Clinical Utility of Lp(a)
Today, Lp(a) is usually most useful as a risk-enhancer rather than a direct treatment target. Elevated levels can justify more aggressive management of modifiable risk factors such as LDL-C, blood pressure, weight, and lifestyle, especially when paired with a strong family history of premature ASCVD (Koschinsky 2024). In clinical practice, elevated Lp(a) often functions as a tiebreaker in borderline decisions, or as a motivating factor to pursue much more intensive primary prevention. That may mean being quicker to start or intensify statin therapy, add ezetimibe, push harder on lifestyle change, or escalate other prevention strategies, possibly targeting lower ApoB numbers if possible (e.g., 30-40 mg/dL)(expert opinion).

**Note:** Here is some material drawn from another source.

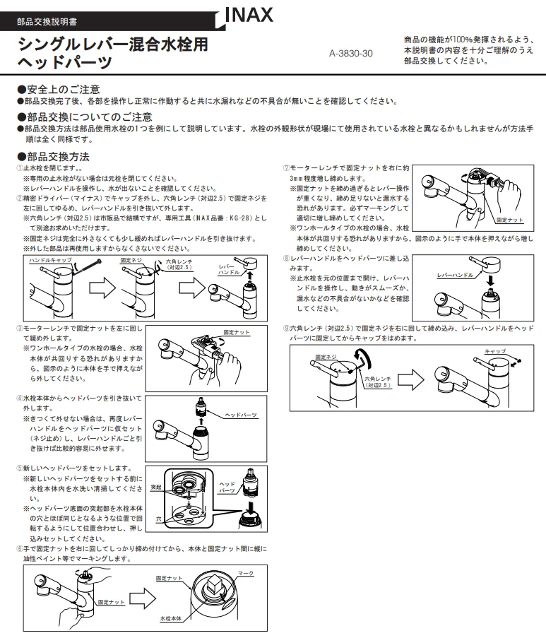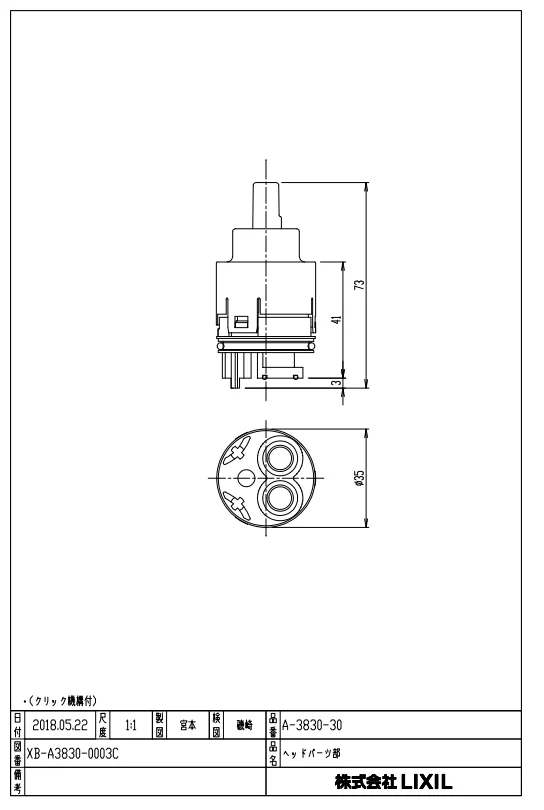 A-3830-30 LIXIL・INAX シングルレバーヘッドパーツ部(クリック機構付) キッチン部品

While dedicated Lp(a)-lowering therapies are currently in development, clinical management continues to center on the aggressive treatment of modifiable risk components. Dr. Katz expresses caution regarding emerging small-interfering RNA (siRNA) agents, noting a preference to wait for more definitive outcome data (Tomlinson 2025, O’Donoghue 2024, Malick 2023).
For individuals with markedly elevated Lp(a) levels, Dr. Katz suggests that primary prevention aspirin may be introduced into the shared decision-making conversation. He emphasizes that evaluating the patient’s entire risk profile is vital, as these clinical decisions remain inherently nuanced and are approached on a case-by-case basis.
Lp(a) Testing for Everyone
Lp(a) levels are approximately 80% to 90% genetically determined and remain relatively constant throughout a person’s life. Therefore, universal screening—measuring it once in a lifetime—is recommended by many international guidelines (Blumenthal 2026), though it has not yet been fully adopted in the United States. While thresholds vary, levels around 100 to 150 nmol/L (roughly 50 mg/dL) are generally considered concerning, especially in the context of a strong family history of premature ASCVD.